Pelosi expressed anxiety that the program could be so easily brought under public scrutiny: “How on earth can we have a situation where we are so vulnerable, so exposed, with so much information about how we acquire intelligence, to the point that the [Director of National Intelligence] is saying that it seriously hurt our national security?”

US intelligence officials briefed members of the House of Representatives and Senate in secret meetings hidden from public view. Lawmakers were informed that the spying programs are far more expansive than what has been so far revealed.

Speaking after a classified briefing on the National Security Agency surveillance, Representative Loretta Sanchez acknowledged, “What we learned in there is significantly more than what is out in the media today … I can’t speak to what we learned in there … I think it’s just broader than most people even realise, and I think that’s, in one way, what astounded most of us, too.”

“The federal surveillance programs revealed in media reports are just ‘the tip of the iceberg,’” she added.

In a column, Glenn Greenwald, the UK Guardian journalist who published the leaks from Snowden, confirmed that Sanchez is “absolutely right” in her assertion that what has been revealed thus far is “the tip of the iceberg,” adding that he will soon publish “significant revelations that have not yet been heard.”

Bloomberg reported that “Thousands of technology, finance and manufacturing companies are working closely with US national security agencies, providing sensitive information and in return receiving benefits that include access to classified intelligence.” The information provided by these companies, according to “four people familiar with the process” cited by Bloomberg, is used to “help infiltrate computers of [the US government’s] adversaries.”

According to the news agency, “Some US telecommunications companies willingly provide intelligence agencies with access to facilities and data offshore that would require a judge’s order if it were done in the US, one of the four people said. In these cases, no oversight is necessary under the Foreign Intelligence Surveillance Act, and companies are providing the information voluntarily.”

As part of the international witch-hunt directed against Snowden, the UK has threatened to fine airlines for transporting the whistleblower to British soil.

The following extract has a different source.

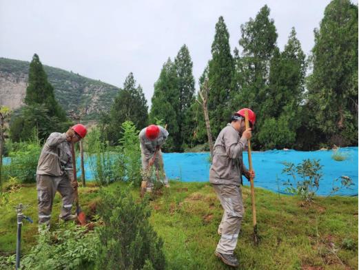 近年來,礦山變綠成為我國(guó)礦山發(fā)展的主旋律。河南片區(qū)黨支部以黨建為引領(lǐng),認(rèn)真踐行“綠水青山就是金山銀山”的生態(tài)理念,堅(jiān)定不移走“生態(tài)優(yōu)先、綠色低碳”的發(fā)展新路,以黨建統(tǒng)一思想、以黨建激發(fā)活力、以黨建凝聚人心,以紅色黨建助力綠色礦山建設(shè)抓手,將生態(tài)保護(hù)放在與生產(chǎn)、安全同等重要的位置。河南片區(qū)黨支部按照綠色發(fā)展理念,著力推動(dòng)綠色礦山建設(shè),經(jīng)過不懈的努力,僅白坪分公司礦區(qū)已累計(jì)種植樹苗幾千余棵。

Geoffrey Robertson, a lawyer from London, told the New York Times that this measure was unprecedented, saying, “This is a power hitherto used only against those who incite terrorism, race hatred, and homophobia – never before against whistleblowers.” According to Robertson, the British government is concerned that judges in the UK might rule against Snowden’s extradition to the US on the grounds that this would lead to him undergoing “oppressive treatment akin to that being meted out to Bradley Manning.”

The leading role of the Democrats in implementing the assault on democratic rights was on further display during the congressional vote on the 2014 National Defence Authorisation Act (NDAA). The fiscal year 2012 NDAA, signed by Obama, contained provisions allowing for the indefinite detention of US citizens without due process.

An amendment submitted by Republicans to this year’s NDAA, which funds the military, says that nothing in US law can deny citizens the right to a court hearing. The amendment passed, with only three Democrats voting for it.

The NDAA amendment was a cynical manoeuvre that will have no effect on US policy and will almost certainly be stripped from the final version before it passes the Senate. A stronger version of the same amendment was rejected. Nevertheless, it exposes the Democratic Party’s full support for the destruction of democratic rights in the US.

The reaction of the ruling elite, abetted by the media, is a product of its deep fear that what Snowden has revealed – unconstitutional and illegal programs that have been systematically concealed from the American people – will further undermine the legitimacy of their system in the eyes of millions.